Жена Петра Великого. Наша первая Императрица - Елена Раскина
Шрифт:
Интервал:
Закладка:
— Не надо, отец, — попросила она, уже проваливаясь в тяжелый сон. — Я просто грешная Марта, несчастная дочь солдата Скавронского и жена солдата Крузе… И у меня уже совсем нет сил пройти свой путь.
— Ты сама не знаешь своих сил, дочь моя! Твой путь теряется во мгле, но, кажется, я начинаю верить в одно недавнее предсказание…
Марта была слишком измучена физически и морально, чтобы дослушать. Она провалилась в тяжелый сон, таивший в себе кошмарные видения.
Ее духовному взору предстало мрачное подземелье, едва освещаемое дрожащим пламенем факелов, и бледный отрок с длинным изможденным лицом, закованный в ржавые цепи. Они были такими тяжелыми, что едва не ломали его истонченные запястья, когда он простирал к ней призрачные руки.
— Смилуйся надо мною! — молил отрок, и по его впалым щекам катились скудные слезы. — Помилосердствуй ради младых лет моих и спасения христианской души твоей! Не лишай меня жизни, на дав оправдаться перед батюшкой! Христом-Богом клянусь, не замышлял я зла на дитя твое, государыня…
«Какая государыня? — изумилась Марта, в своем затейливом сне оглядываясь по сторонам. — Здесь никого, кроме нас двоих». Ей было жалко незнакомого юношу, и она уже думала, чем помочь ему, как вдруг ощутила на своих плечах прохладную тяжесть затканного серебром парчового платья, падавшего на грязный пол темницы роскошными тяжелыми складками. Стан ее обвивала красная муаровая лента, закрепленная усыпанным алмазами орденом дивной красоты, а в высокой прическе была сверкающая диадема. Это ее, королеву, императрицу, молил о пощаде бедный узник.
Вдруг из мрака между нею и бедным отроком выступил человек гигантского роста в простом сером камзоле. Руки его были длинны, куда длиннее, чем у обычного мужчины, и невероятно жилисты, а голова кругла и коротко острижена. На скуластом, нервно подергивавшемся лице топорщились короткие и жесткие усы. Глаза его пылали, словно два карбункула, и в их неукротимом и гневном взгляде было столько мощи и угрозы, столько величия и власти, что Марта поняла: это не просто человек, а, быть может, и не человек вовсе!

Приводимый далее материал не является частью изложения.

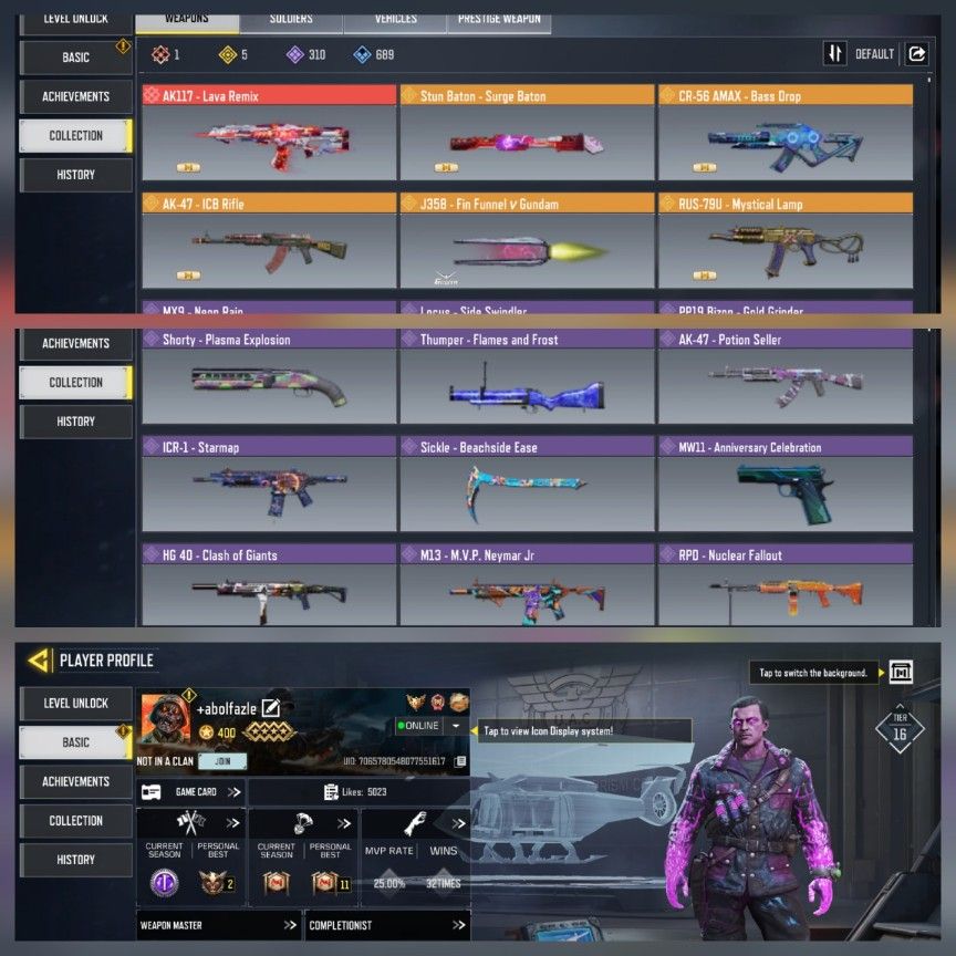 ak117 mythic💥 legend guns 7💥epic guns 265 💥skin 141 💥💥💥Global Version

— Я тебя до себя из грязи поднял, царицей над великой державой сделал, — загремел, словно раскаты военной грозы, голос ужасной силы. — Жалость и сомнение оставь, совесть забудь! Сие есть не сын мой, сие — злодей и клятвопреступник. Повинен смерти! Повелевай!
Рука сама собой поднялась в повелительном жесте, и две зловещие квадратные фигуры без лиц шагнули к обреченному. Леденящий душу предсмертный крик рванулся под своды каземата…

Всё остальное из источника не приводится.